Domains and Walls
A ferroelectric crystal freshly cooled through its Curie point breaks into a mosaic of domains — regions of uniform polarization separated by nanometer-thick walls. This domain structure minimizes the total energy: each domain reduces the depolarizing field, while domain walls cost surface energy. The equilibrium pattern balances these competing terms and depends on crystal shape, electrodes, and mechanical boundary conditions.
180-Degree Switching
When an electric field exceeds the coercive field, reversed domains nucleate — typically at electrodes, surfaces, or defect sites — and grow by the forward motion of 180-degree domain walls. The switching follows Kolmogorov-Avrami-Ishibashi (KAI) kinetics: initially slow (nucleation-limited), then rapid (growth-dominated), and finally slow again (impingement of growing domains). This simulator animates this process in real time.
90-Degree Switching and Strain
In tetragonal ferroelectrics like BaTiO3, the polarization can also rotate by 90 degrees into a perpendicular crystallographic axis. This 90-degree switching involves both electrical and mechanical changes — the unit cell elongates along the new polarization direction. The resulting macroscopic strain is the basis of piezoelectric actuation. In the simulation, 90-degree walls appear at 45-degree angles to the poling direction.

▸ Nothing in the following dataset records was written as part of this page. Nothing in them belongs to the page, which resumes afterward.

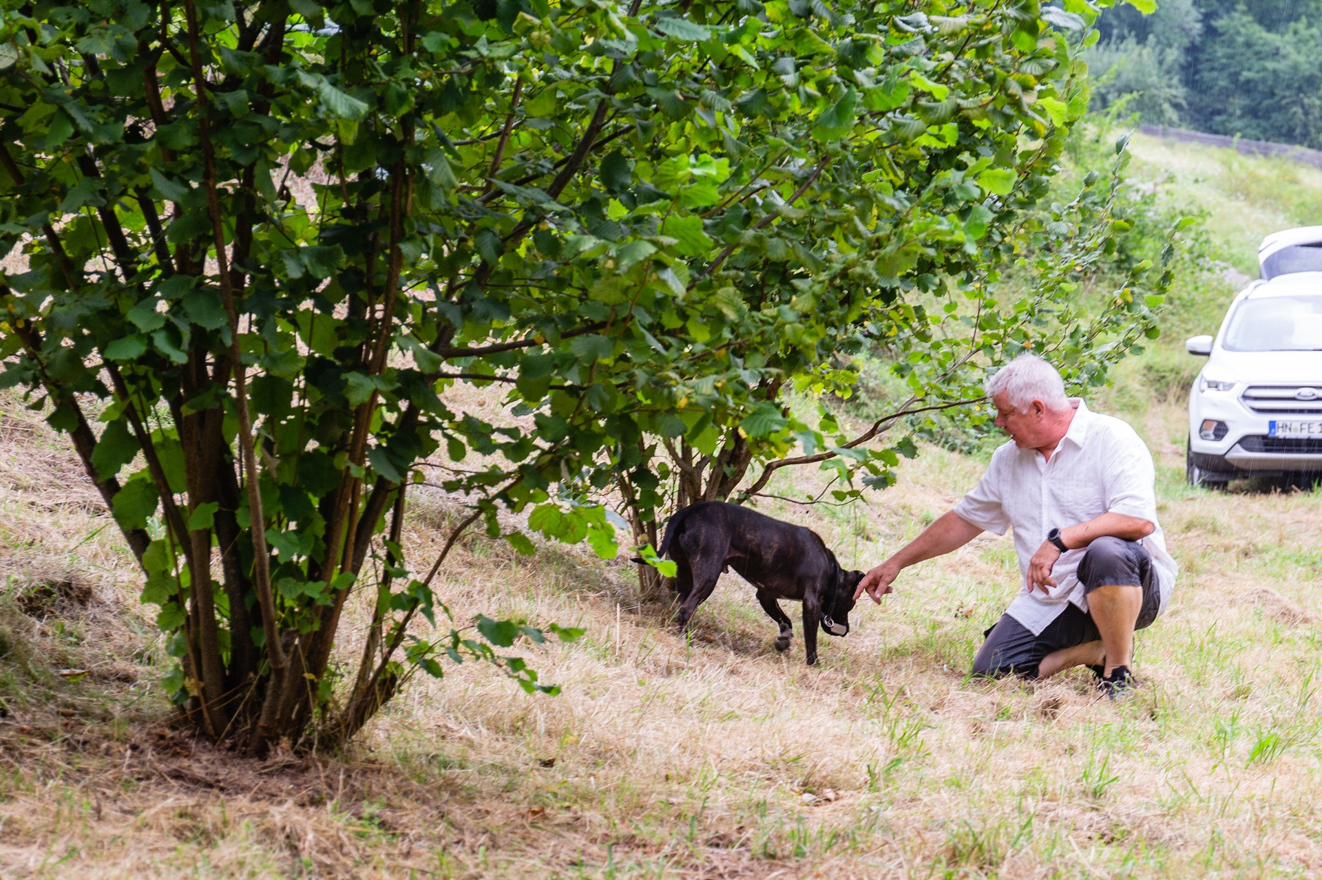 Nach der Theorie folgt die Praxis. Nur rund 500m sind es zur Trüffelanlage und man steht sozusagen auf "getrüffeltem Boden". Während dem Spaziergang durch die Trüffelplantage erleben die Teilnehmer den (Trüffel-)Hund live bei der Arbeit - die Suche nach dem Pilz beginnt. Und wenn alles klappt, können die Teilnehmen einen ersten eigenen Trüffel auch selbst "remontieren" - wie der Fachmann das Ausgraben der Trüffel nennt.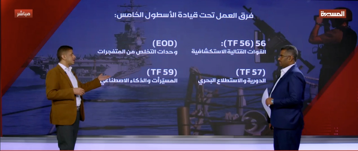 في ذلك القوة الأمريكية والبريطانية، حيث يضم الأسطول الخامس فرق عمل متخصصة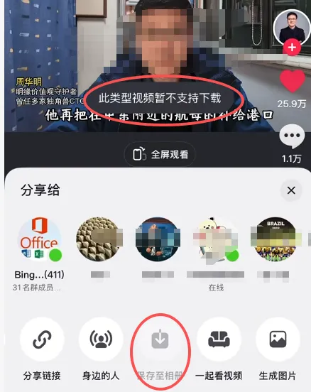 这时,我们可以通过把视频下载下来,再直接从相册中发给朋友。

Pinning, Fatigue, and Aging
Real domain walls interact with crystal defects. Oxygen vacancies aggregate at wall positions, creating an internal bias field (imprint) that shifts the hysteresis loop. Repeated switching can cause fatigue — a progressive loss of switchable polarization as defect clusters grow at electrode interfaces. The wall mobility parameter in this simulator models the effective ease of wall motion through a defective lattice.